MongoDB-ODM, NOSQL databases in Python, designed for simplicity, compatibility, and robustness.

GitHub all releases PyPI


Introduction

The purpose of this module is to do provide easy access to the database with the python object feature with MongoDB and pymongo. With pymongo that was very easy to make spelling mistakes of a collection name when you are doing database operation. This module provides you minimal ODM with a modeling feature so that you don’t have to look up the MongoDB dashboard(Mongo Compass) to know about field names or data types.
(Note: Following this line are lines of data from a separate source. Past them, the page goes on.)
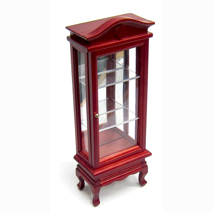 Display Cabinet, wood, shell motive at top, mirror back, 2 Perspex shelves, opening glazed door, light Mahogany, 17 cm h x 6 cm w.
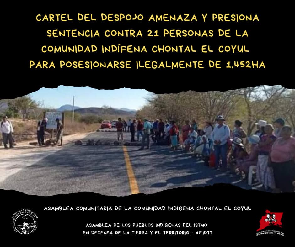 CARTEL DEL DESPOJO AMENAZA Y PRESIONA SENTENCIA CONTRA 21 PERSONAS DE LA COMUNIDAD INDÍFENA CHONTAL EL COYUL PARA POSESIONARSE ILEGALMENTE DE 1,452Ha
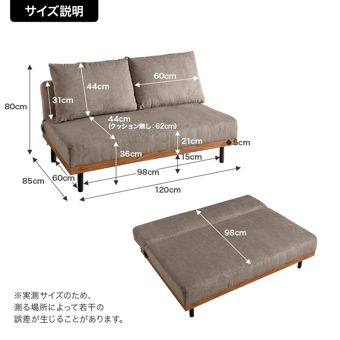 【ソファ時】幅120cm×奥行85cm×高さ80cm(座面高:36cm) 【ベッド時】幅120cm×奥行98cm×高さ36cm
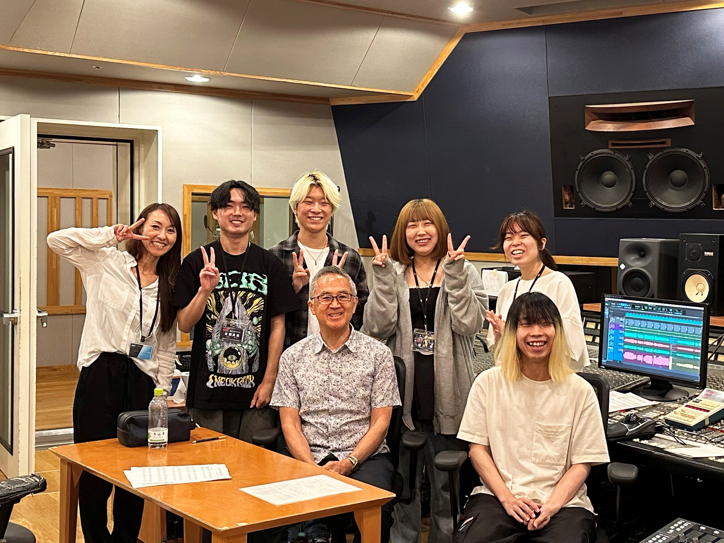 1人1人ブースに入っての録音で、1人目の櫻井惺さんには曲のイメージを理解してもらうために小節を区切って何回も歌ってもらうことになり大変な思いをさせてしまいましたが、マルレーン有美先生の的確な指導もあり、見事に曲全体の雰囲気を形にしてくれました。この複数回のテイクをメモをとりながら見ていた2人目以降は、すんなり録音を進めることができました。翌日には2年生の本間朱莉さんと七浦謙斗さんの録音を行いました。

MongoDb-ODM is based on Python type annotations, and powered by PyMongo and Pydantic.

The key features are:

  • Intuitive to write: Great editor support. Completion everywhere. Less time debugging. Designed to be easy to use and learn. Less time reading docs.
  • Easy to use: It has sensible defaults and does a lot of work underneath to simplify the code you write.
  • Compatible: It is designed to be compatible with FastAPI, Pydantic, and PyMongo.
  • Extensible: You have all the power of PyMongo and Pydantic underneath.
  • Short: Minimize code duplication. A single type annotation does a lot of work. No need to duplicate models in PyMongo and Pydantic.

Requirement

MongoDb-ODM will work on Python 3.7 and above

This MongoDb-ODM is build top of PyMongo and Pydantic. Those package are required and will auto install while MongoDb-ODM was installed.

Example

Define model

from datetime import datetime
from pydantic import Field
from pymongo import IndexModel, ASCENDING
from typing import Optional

from mongodb_odm import Document


class User(Document):
    username: str = Field(...)
    email: Optional[str] = Field(default=None)
    full_name: str = Field(...)

    is_active: bool = True
    date_joined: datetime = Field(default_factory=datetime.utcnow)

    last_login: datetime = Field(default_factory=datetime.utcnow)
    password: Optional[str] = Field(default=None)
    image: Optional[str] = Field(default=None)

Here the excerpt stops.